2. If I decide to start Elasticsearch during my image build (to download the file once, and put it into my image) I need to be cognisant that I've to change the path too, because /tmp is wiped.
Not fronting the URLs the database is fetched from and using a generic Google URL made this tricky to find.
Support for other cloud providers (i.e. an AWS S3 mirror) and some intelligence around picking which URLs to give to an ES server requesting the database could mitigate a lot of customer cost. This is a bit of a can of worms - who do you support, how do you detect those etc. However it would have mitigated the cost impact for both Intercom and Elastic, and potentially others (e.g. folks using CircleCI + ES).

Above all, in order to do something like disable the updater, change the storage path for the database, change the endpoint used to fetch etc I need to be aware this is happening and I'm not sure that people who do not use the GeoIP features are aware.

mitar commented 2 years ago

I can just second this. I was also very surprised about this behavior. Maybe an env variable to disable any outgoing traffic?

But this should be opt-in.

BTW, is there any other such traffic from ES? Phoning home maybe?

elasticsearchmachine commented 2 years ago

Pinging @elastic/es-data-management (Team:Data Management)

jbaiera commented 2 years ago

Heya, thanks for opening an issue for this. We agree this can be pretty annoying to have to deal with, especially for those who make no use of the geo enrichment features.

I was also very surprised about this behavior. Maybe an env variable to disable any outgoing traffic?

You can disable the geo database download by using the ingest.geoip.downloader.enabled cluster setting. This should keep it from affecting your download bandwidth any further.

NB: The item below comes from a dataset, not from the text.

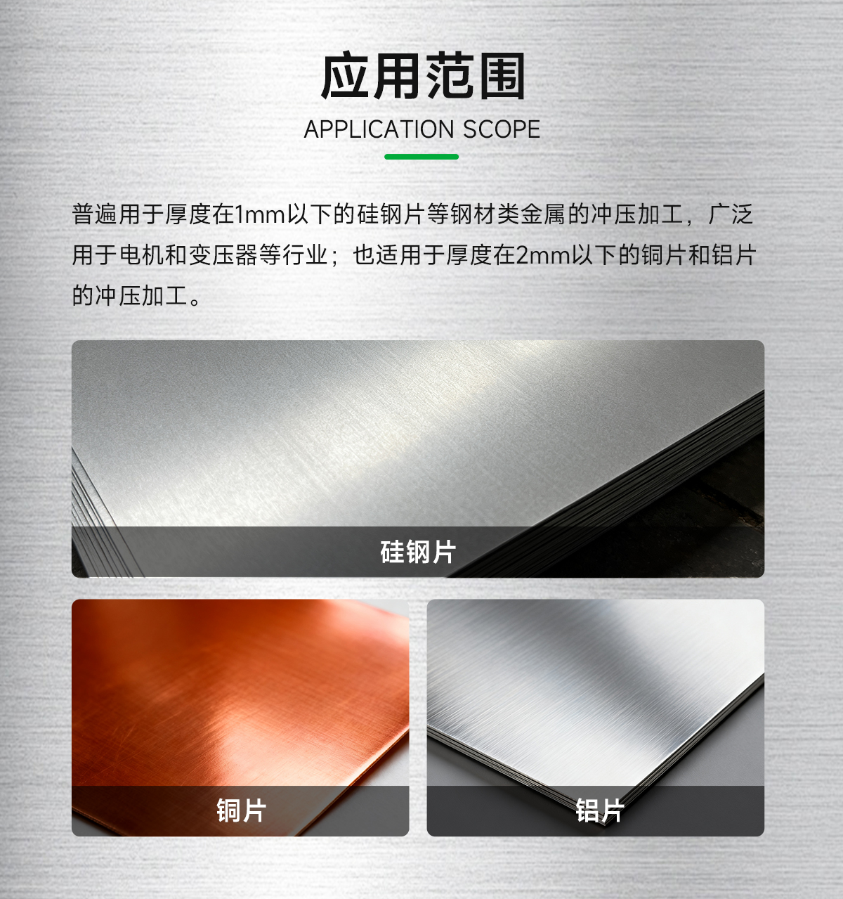 2、也适用于厚度在 2mm 以下的铜片和铝片的冲压加工。

This feature in general seems a bit weird and very surprising. Here's a couple of observations

We have started a discussion around ways to make this easier for users. Some ideas we've had are to avoid downloading the database unless a geo ingest processor is present in the cluster state or when the first one is added. Your suggestions here are heard loud and clear, especially the points about /tmp and the google URL's that shoulder most of the data transfer. I'm not sure how far we'd be able to take the 4th suggestion, but it's worth thinking about.

Anyone starting a basic Elasticsearch process is now downloading 40MB of a GeoIP database entirely in the background, potentially for a feature (GeoIP processing) they do not use.

In honesty, part of the reason we eagerly download the databases is because many solutions on top of Elastic do make regular use of the geo ingest plugins. From an end user perspective it is much easier to simply have the geo ingest features available at start up than to explicitly go through the steps required to ensure the geo databases are fully installed first on each deployment.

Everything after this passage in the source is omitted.